Your reply should reproduce the data below without a single alteration, apart from dropping the images.

## [GIVEN INFORMATION]
★ ★ ★ ★ ★
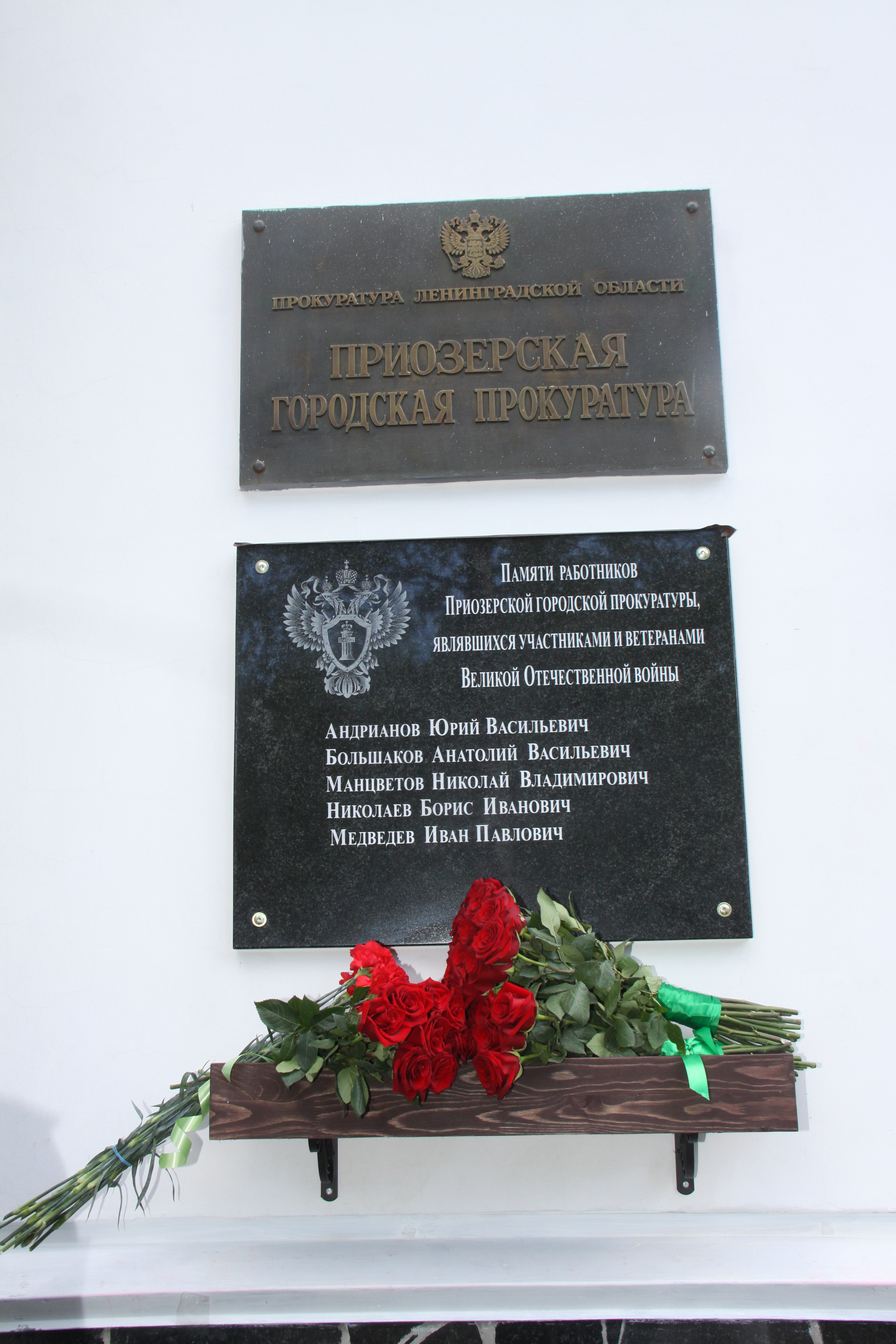 27 мая 2021 года в Приозерском районе состоялось торжественное мероприятие, посвященное открытию мемориальной доски памяти работников Приозерской городской прокуратуры являвшихся участниками Великой Отечественной войны.
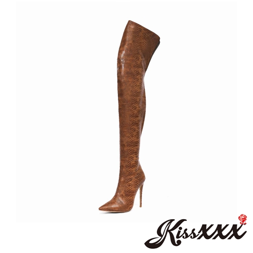 [訂製]狂野蛇紋復古純色尖頭高跟過膝長靴 棕 |
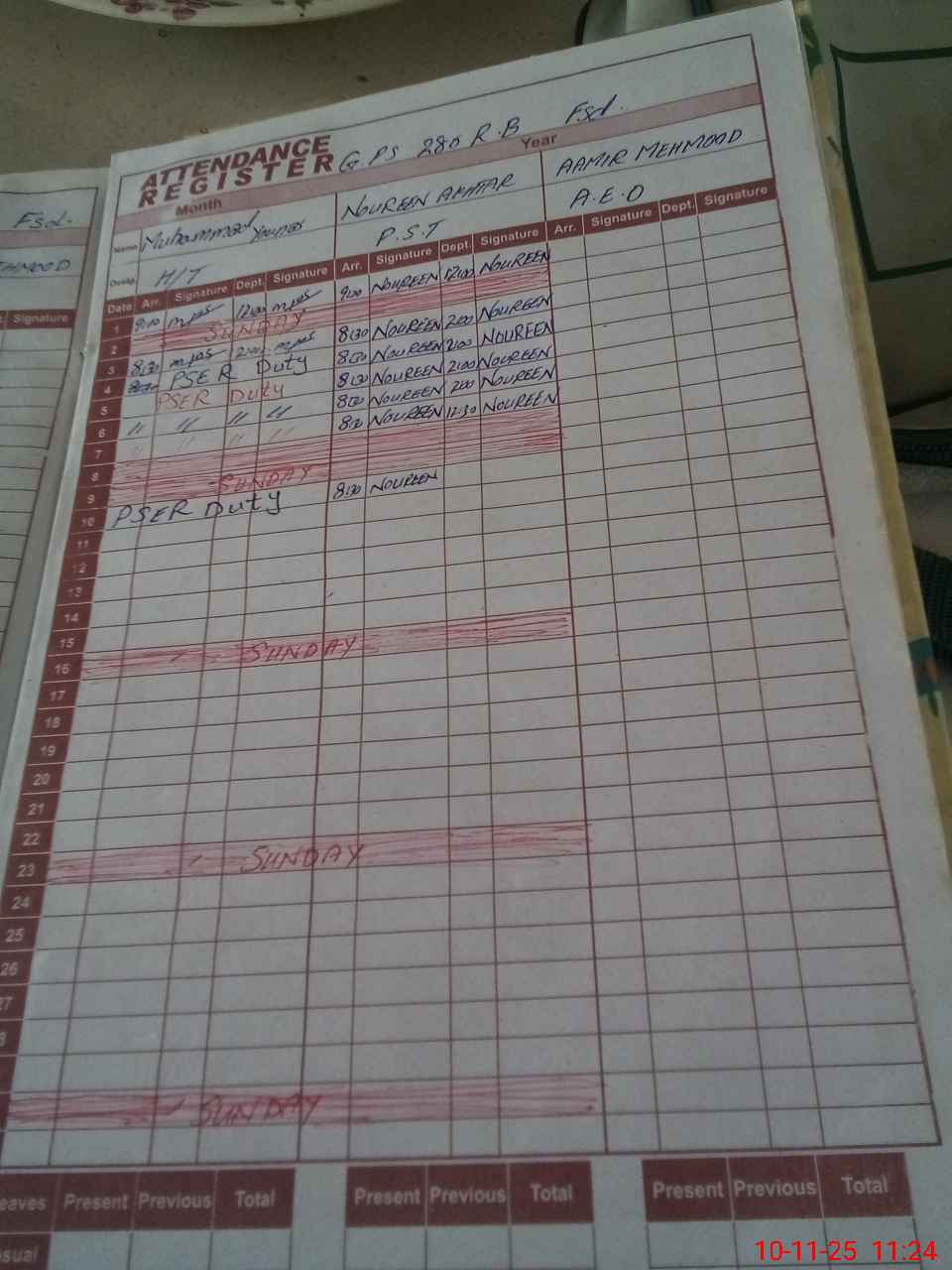 | CNIC | Full Name | Designation | R/C | Absence During Last Calender Month |
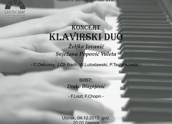 У Концертној дворани Банског двора 04. децембра 2012. године (уторак) у 20,00 часова одржаће се концерт Сњежане Поповић Вулета, клавир и Жељке Јованић, клавир.
★ ★ ★ ★ ★
## [REPLY]
 27 мая 2021 года в Приозерском районе состоялось торжественное мероприятие, посвященное открытию мемориальной доски памяти работников Приозерской городской прокуратуры являвшихся участниками Великой Отечественной войны.
 [訂製]狂野蛇紋復古純色尖頭高跟過膝長靴 棕 |
 | CNIC | Full Name | Designation | R/C | Absence During Last Calender Month |
 У Концертној дворани Банског двора 04. децембра 2012. године (уторак) у 20,00 часова одржаће се концерт Сњежане Поповић Вулета, клавир и Жељке Јованић, клавир.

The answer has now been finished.